Commentating on the importance of “a formation of the heart” for those involved in the charitable work of the Church, Pope Benedict states: “…they need to be led to that encounter with God in Christ which awakens their love and opens their spirits to others. As a result, love of neighbor will no longer be for them a commandment imposed, so to speak, from without, but as a consequence deriving from their faith, a faith which becomes active through love (cf.Gal.5:6).”

These words can help all Christians witness to the Gospel in their homes and in their places of work; to evangelize through their way of living. The Holy Father also noted: “A Christian knows when it is time to speak of God and when it is better to say nothing and to let love alone speak.”

When the parish staff and volunteers realize that they participate in the evangelizing mission of the parish, it will help them not only to discover new meaning in their work, but give them an opportunity to model for the parish, how to evangelize in the workplace.

To this end, prayerful reflection on the parish mission statement will be most helpful for parish staff and volunteers.

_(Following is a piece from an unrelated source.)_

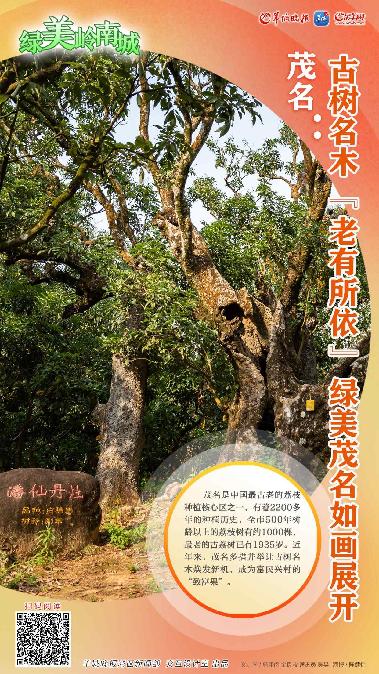 古树是一段历史,一缕乡愁,更是自然资源中的瑰宝,被称为“有生命的绿色活化石”,见证着城市的历史传承。茂名是中国最古老的荔枝种植核心区之一,有着2200多年的种植历史,全市500年树龄以上的荔枝树有约1000棵,最老的古荔树已有1935岁。近年来,茂名多措并举让包括古荔枝树在内的古树名木焕发新机,成为富民兴村的“致富果”。

How they relate to one another, how they cooperate, how they form a working Christian community, how visitors and parishioners are served, how business is conducted, how the telephone is answered – all of these examples can give a powerful evangelizing message and help to build up the Christian community of the parish.

Members of the parish staff are very often the first persons that a parishioner, a visitor or neighbor meets. That first contact is very important, because each person comes with a need or a request. Staff and volunteer hospitality, kindness and efficiency can not only help the parish’s reputation as a welcoming, helping and caring community, but also help the parish in its community-building and evangelizing mission. The whole parish and all of its members can be, as St. Paul claims, a “letter of Christ.”